Data records:
▼▼▼

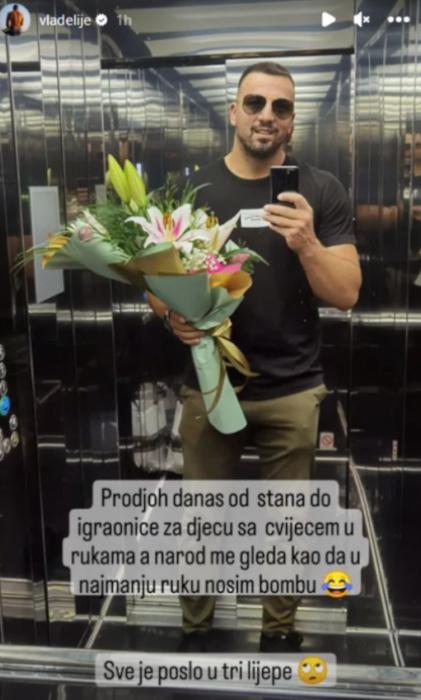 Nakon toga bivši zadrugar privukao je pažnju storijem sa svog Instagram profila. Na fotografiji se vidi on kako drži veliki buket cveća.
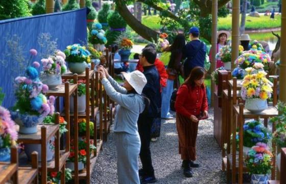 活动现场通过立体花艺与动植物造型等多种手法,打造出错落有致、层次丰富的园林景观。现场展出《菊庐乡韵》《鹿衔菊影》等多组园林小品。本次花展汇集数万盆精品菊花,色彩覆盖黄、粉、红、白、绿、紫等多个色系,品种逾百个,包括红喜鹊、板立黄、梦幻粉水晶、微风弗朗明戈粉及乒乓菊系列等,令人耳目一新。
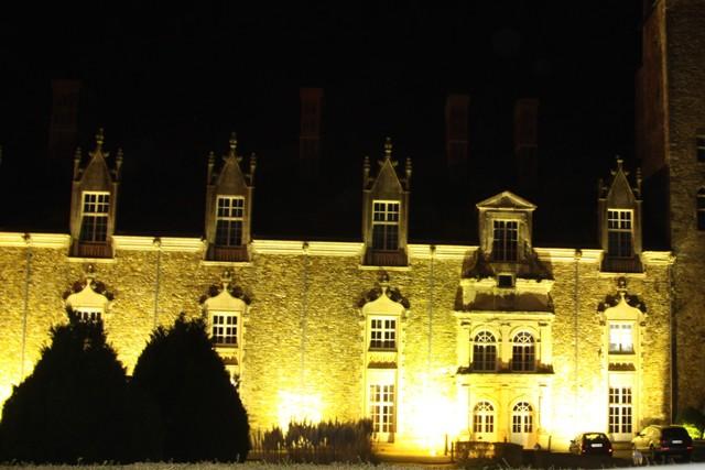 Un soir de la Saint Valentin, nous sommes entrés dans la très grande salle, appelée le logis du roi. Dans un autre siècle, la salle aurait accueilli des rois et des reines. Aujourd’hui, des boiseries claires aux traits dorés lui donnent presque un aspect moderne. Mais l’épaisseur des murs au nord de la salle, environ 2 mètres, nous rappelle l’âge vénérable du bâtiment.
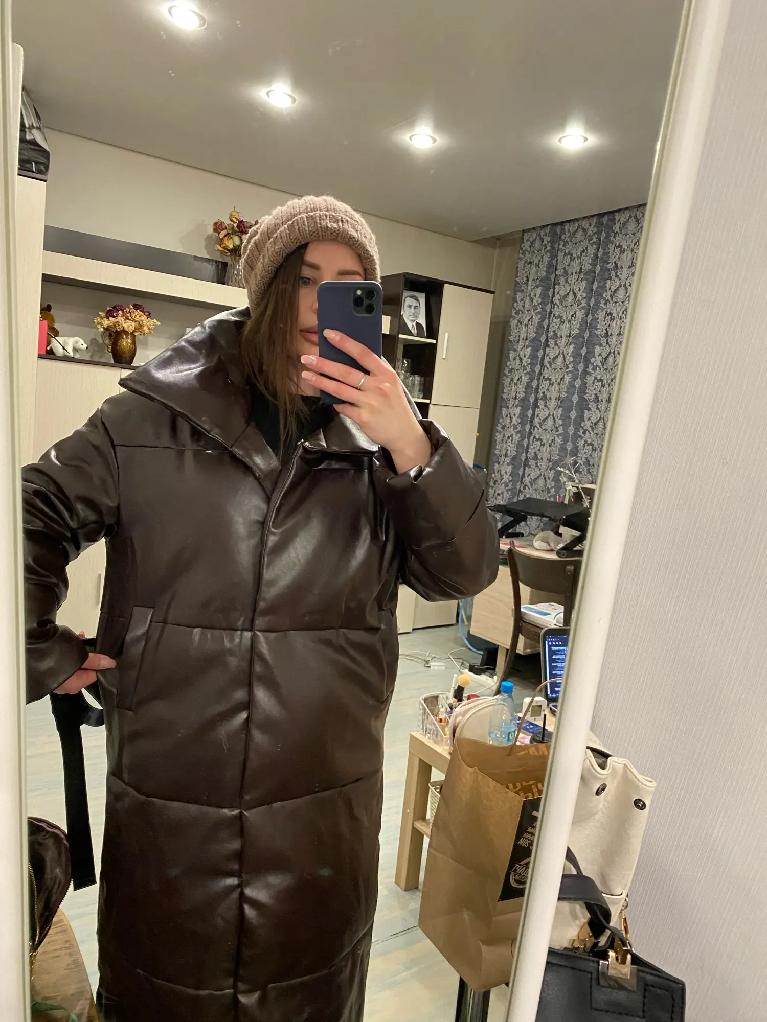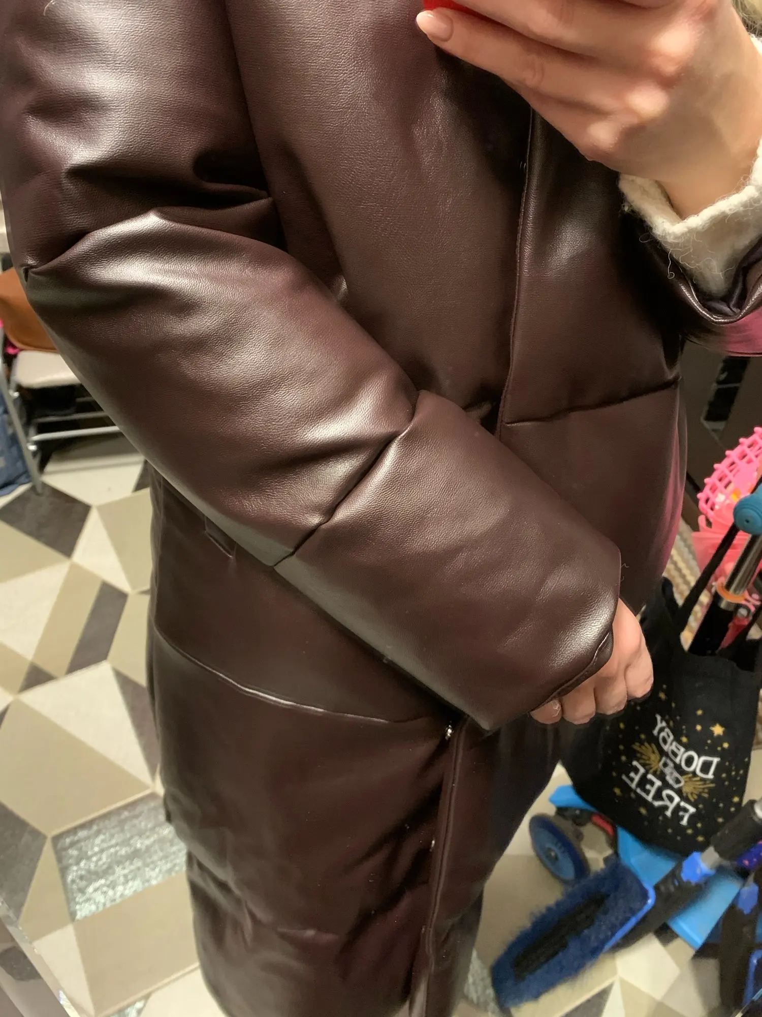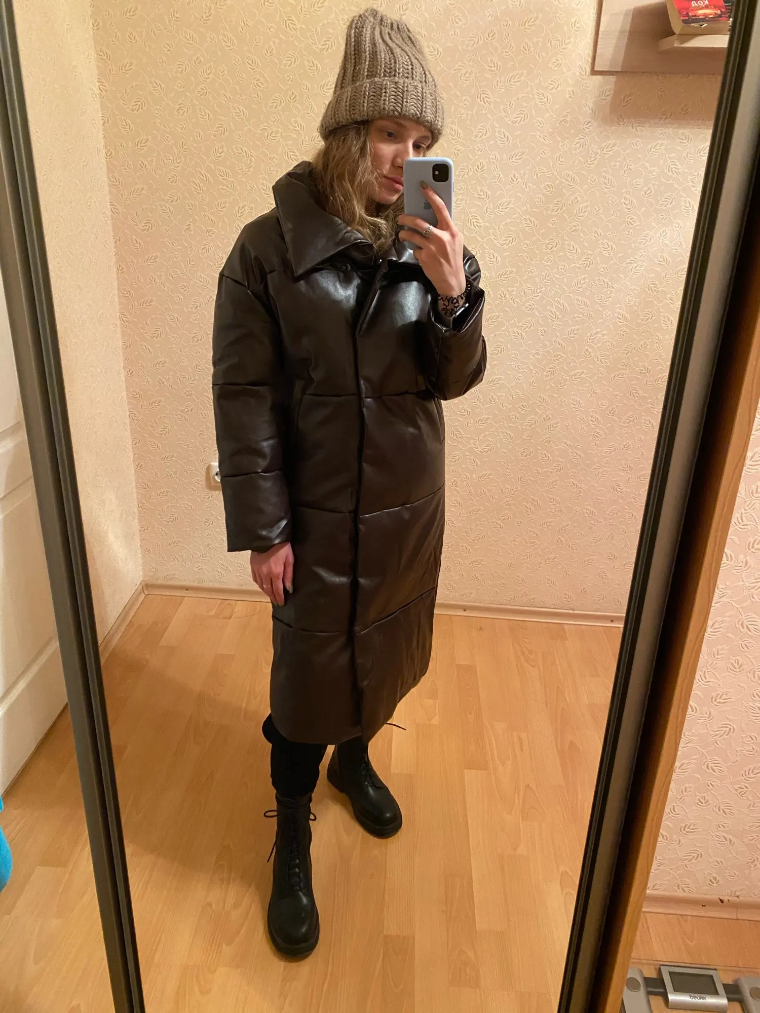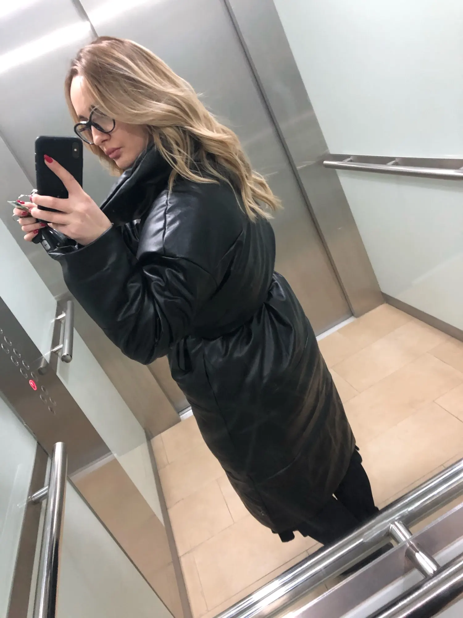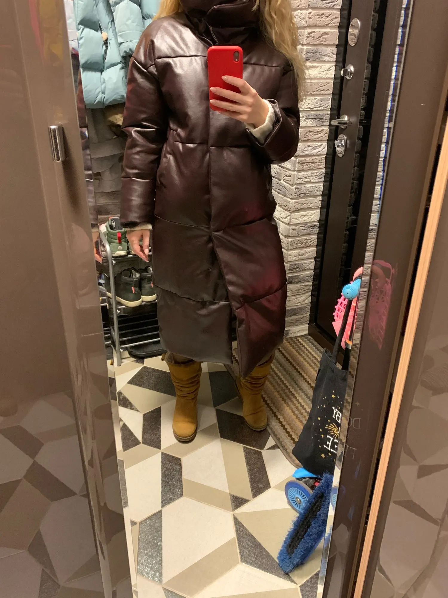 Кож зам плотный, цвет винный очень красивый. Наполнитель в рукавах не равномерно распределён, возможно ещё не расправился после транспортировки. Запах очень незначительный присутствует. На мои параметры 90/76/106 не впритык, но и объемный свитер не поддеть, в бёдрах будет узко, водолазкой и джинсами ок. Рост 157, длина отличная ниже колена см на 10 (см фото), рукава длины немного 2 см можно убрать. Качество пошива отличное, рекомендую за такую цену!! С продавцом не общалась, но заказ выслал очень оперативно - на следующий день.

▲▲▲
▼▼▼

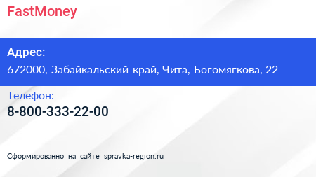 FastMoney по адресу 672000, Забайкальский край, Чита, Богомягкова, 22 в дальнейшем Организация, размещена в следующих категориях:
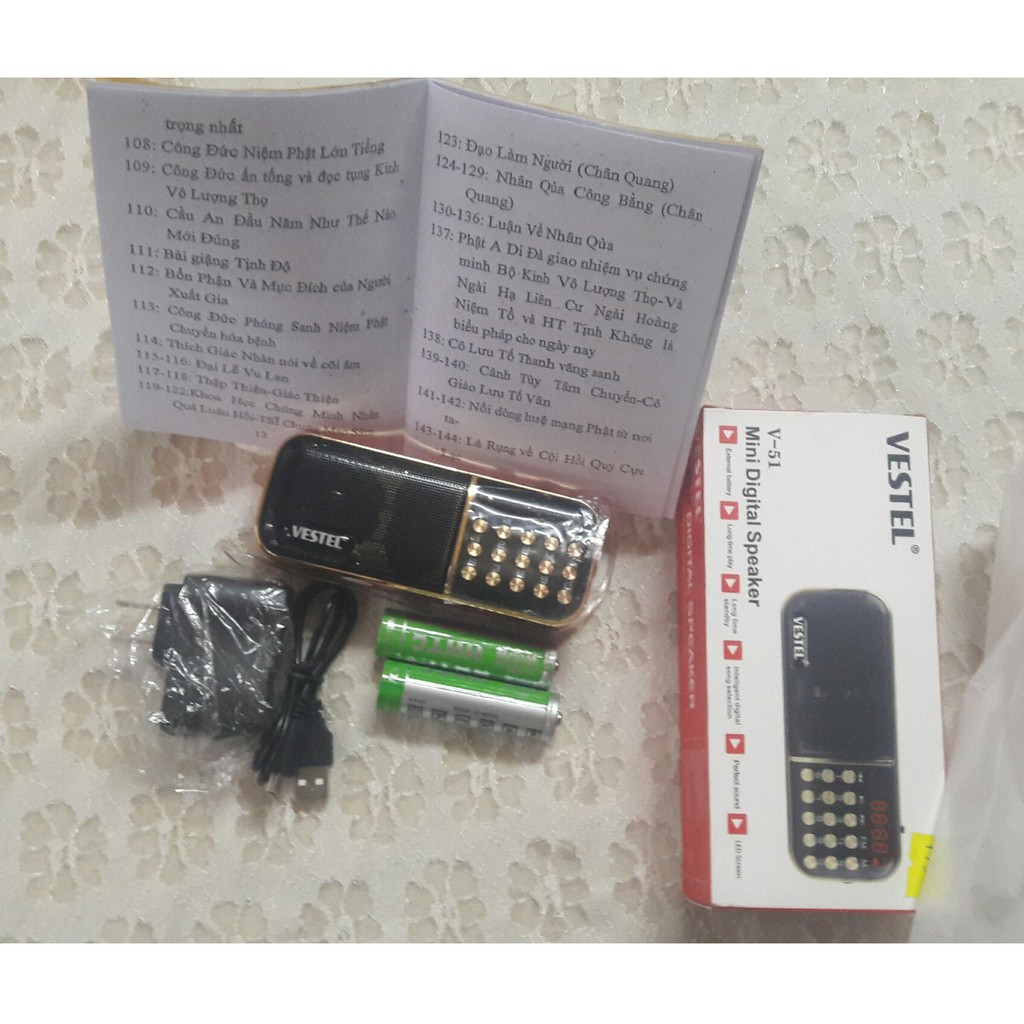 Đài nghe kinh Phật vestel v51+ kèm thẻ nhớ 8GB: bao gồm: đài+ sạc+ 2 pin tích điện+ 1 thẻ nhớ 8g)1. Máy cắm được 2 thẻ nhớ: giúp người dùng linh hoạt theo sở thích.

▲▲▲
▼▼▼

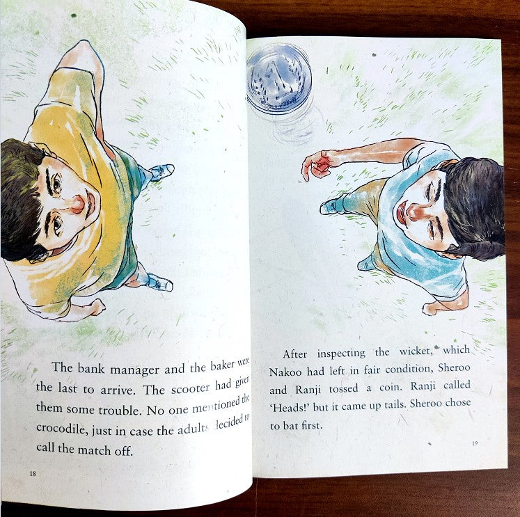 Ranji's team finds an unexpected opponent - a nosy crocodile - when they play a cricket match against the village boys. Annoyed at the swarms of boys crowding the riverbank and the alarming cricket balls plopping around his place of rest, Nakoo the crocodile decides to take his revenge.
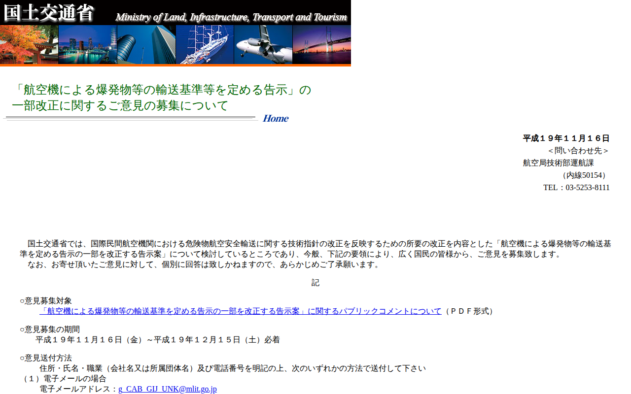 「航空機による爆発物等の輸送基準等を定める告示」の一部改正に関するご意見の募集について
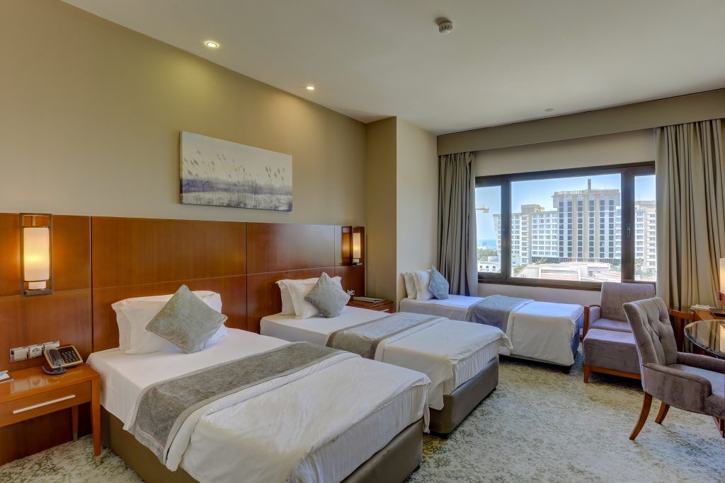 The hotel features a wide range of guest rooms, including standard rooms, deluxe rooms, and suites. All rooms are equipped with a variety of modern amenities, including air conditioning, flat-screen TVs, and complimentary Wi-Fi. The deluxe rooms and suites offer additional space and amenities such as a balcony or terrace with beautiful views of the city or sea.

▲▲▲

Prompt:
In the listing above, find the line containing "Nakon toga bivši" and the line containing "Un soir de la", then write out both of them and every line between, exactly, with no pictures.

Task solution:
 Nakon toga bivši zadrugar privukao je pažnju storijem sa svog Instagram profila. Na fotografiji se vidi on kako drži veliki buket cveća.
 活动现场通过立体花艺与动植物造型等多种手法,打造出错落有致、层次丰富的园林景观。现场展出《菊庐乡韵》《鹿衔菊影》等多组园林小品。本次花展汇集数万盆精品菊花,色彩覆盖黄、粉、红、白、绿、紫等多个色系,品种逾百个,包括红喜鹊、板立黄、梦幻粉水晶、微风弗朗明戈粉及乒乓菊系列等,令人耳目一新。
 Un soir de la Saint Valentin, nous sommes entrés dans la très grande salle, appelée le logis du roi. Dans un autre siècle, la salle aurait accueilli des rois et des reines. Aujourd’hui, des boiseries claires aux traits dorés lui donnent presque un aspect moderne. Mais l’épaisseur des murs au nord de la salle, environ 2 mètres, nous rappelle l’âge vénérable du bâtiment.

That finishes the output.